Dynamic Plotting Tools
The next step in working with multidimensional data sets is to switch to a platform that allows a user to interact with multiple dimensions of data simultaneously. These systems are often called “Linked View” platforms because they consist of multiple linked windows. As sketched in the figure at right, a user could select a region in a 2-dimensional image using the mouse and then see what that data subset looks like in other dimensions. Most early versions of linked view platforms did not allow users to draw their own irregular selection regions, so astronomers could not easily examine arbitrary subsets of data. Thanks to the dedication of astronomers like Professor Goodman, the situation is changing and there are now a few options for astronomers who would like to interact closely with multidimensional data.
For instance, graduate student Christopher Beaumont has written an IDL program called Dendroviz to allow astronomers to visualize the multidimensional structure of molecular clouds. There’s a neat video of Dendroviz in action here.
The International Virtual Observatory Community has also been breaking ground with a program called SAMP that establishes communication channels between different astronomical tools.

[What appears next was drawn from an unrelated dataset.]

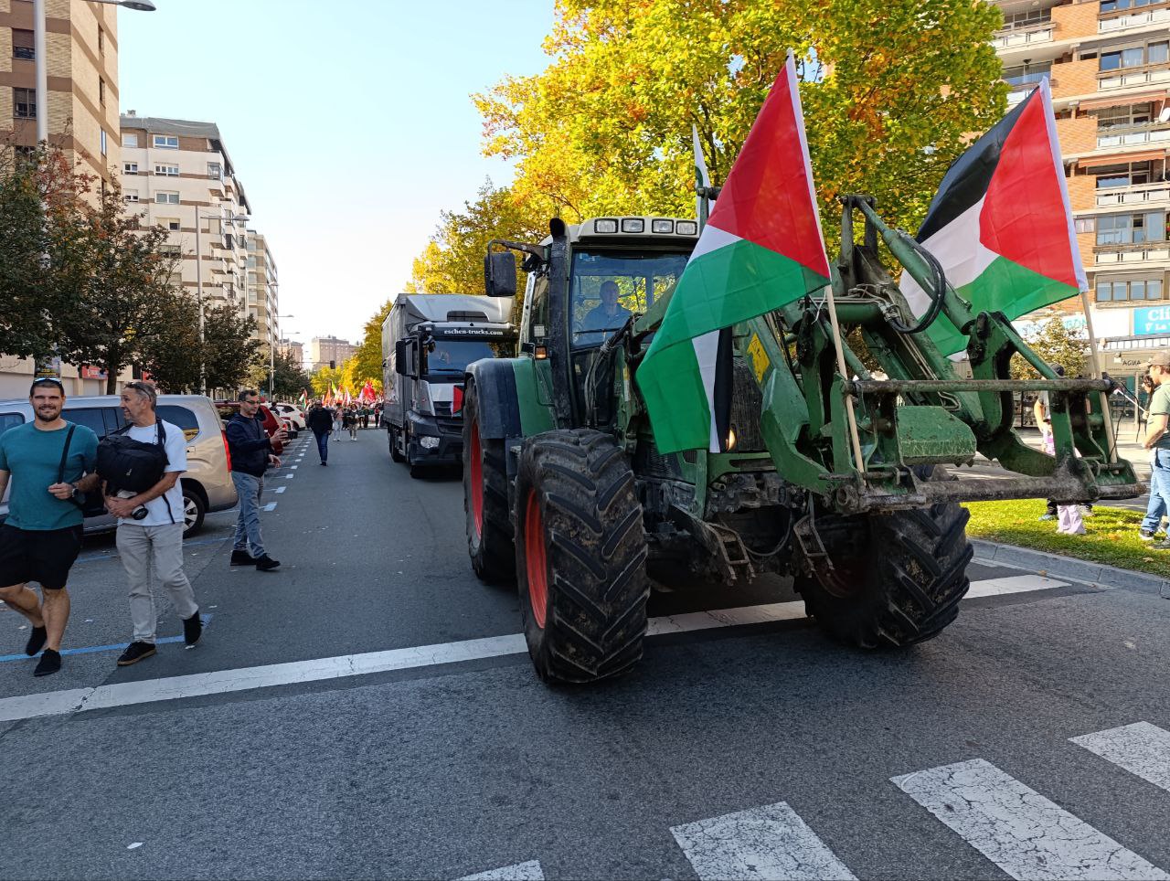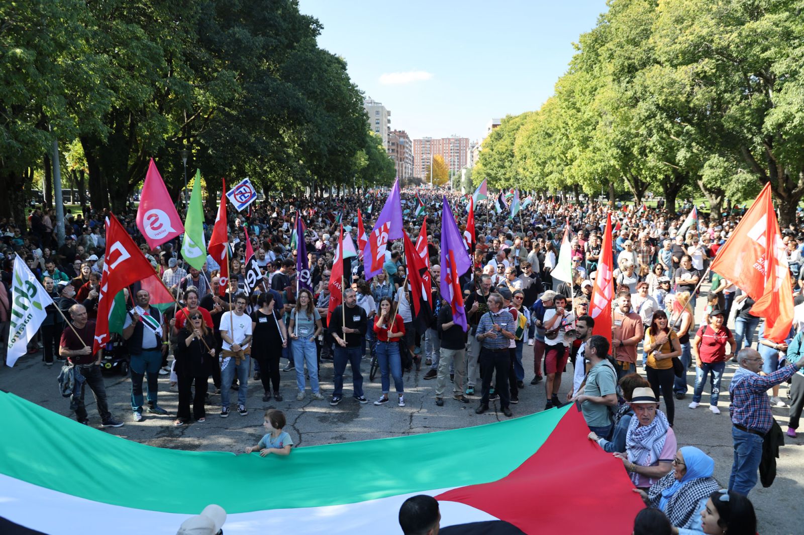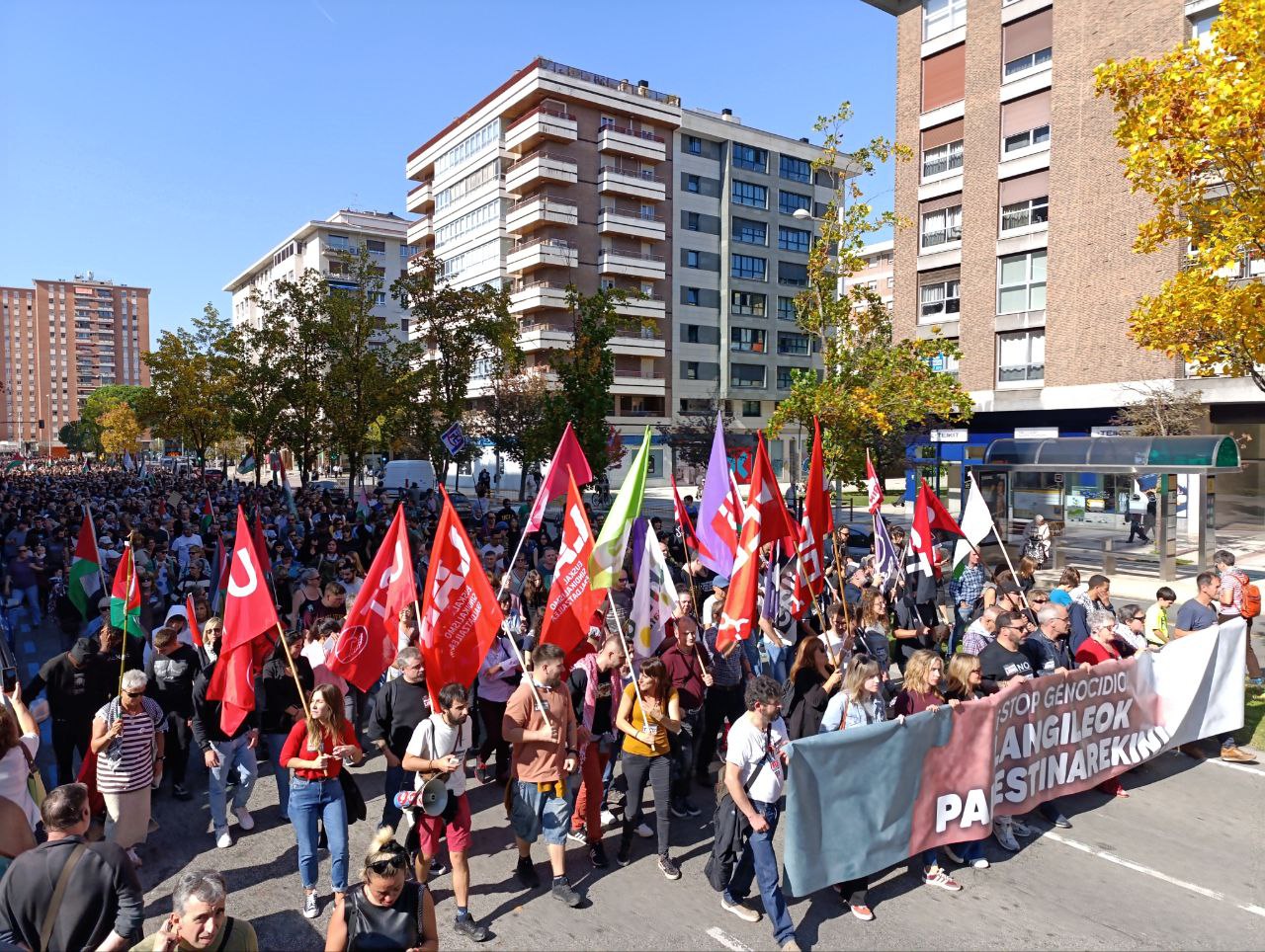 Palestinarekiko elkartasun giroak gora egin du goizetik eguerdira, eta azkenean eztanda egin du Iruñeko Golem Zinemetatik abiatu den manifestazioa jendetsuan: antolatzaileen arabera, 15.000 pertsona bildu dira bertan. Hiru orduko lanuztera deitu duten UGT, CCOO, LAB, Steilas, CGT, Solidari, ESK eta Hiru sindikatuek egin dute deialdia, eta Palestinarekin Elkartasuna plataformak ere sostengua eman dio manifestazioari. Antoniutti parkean amaitu da manifestazioa.

A user running SAMP could open up an image in the Aladin Sky Atlas and plot data from several different astronomical catalogs. The user could then start WorldWide Telescope and use SAMP to “steer” the WorldWide Telescope field of view to match the field of view shown in Aladin. The user could also select objects from certain catalogs in Aladin (i.e., all young stars imaged by the Spitzer Space Telescope) and then see those objects highlighted in the corresponding WorldWide Telescope view.
The Future of Multidimensional Data Analysis
Professor Goodman ends the paper with an exciting glimpse of how researchers might interact with data in 5–15 years. She is currently working with several other researchers to develop a python-based platform called “Glue.” As the name suggests, Glue effectively glues together bits of code from various python modules to create a highly customizable linked-view visualization environment. Professor Goodman is also working with medical researchers to bring the high-level visualizations used in the medical world to astronomy.
In the future, researchers will use tools like medical visualizations and interfaces like Glue to interact seamlessly with data. Like today’s scientists, a researcher might start the day by reading a journal article posted on astro-ph. The researcher could spot an interesting image of a nebula in the paper and use WorldWide Telescope to see what surrounds the nebula and how the nebula appears at other wavelengths. The researcher could then open Glue and SAMP to query the archive of astronomical papers and determine if other researchers have shared data about the nebula or the surrounding region. If the researcher finds other interesting bits of data, she or he could then use the linked-view visualization built-in to Glue to analyze multiple dimensions of the data simultaneously.
A quick view might reveal a few interesting correlations between the data set, so the researcher could dive into work on a new paper. Along the way, she or he might write some new code and upload it to the online Glue repositories to share with other researchers after submitting the paper to a journal. The paper will likely include three-dimensional figures and linked data cubes so that other researchers can be similarly inspired by the new paper. The research world of the future might seem distant, but many of these tools are already available and platforms like Glue might be automatically installed on university computers before most of the current astrobites authors earn doctorates.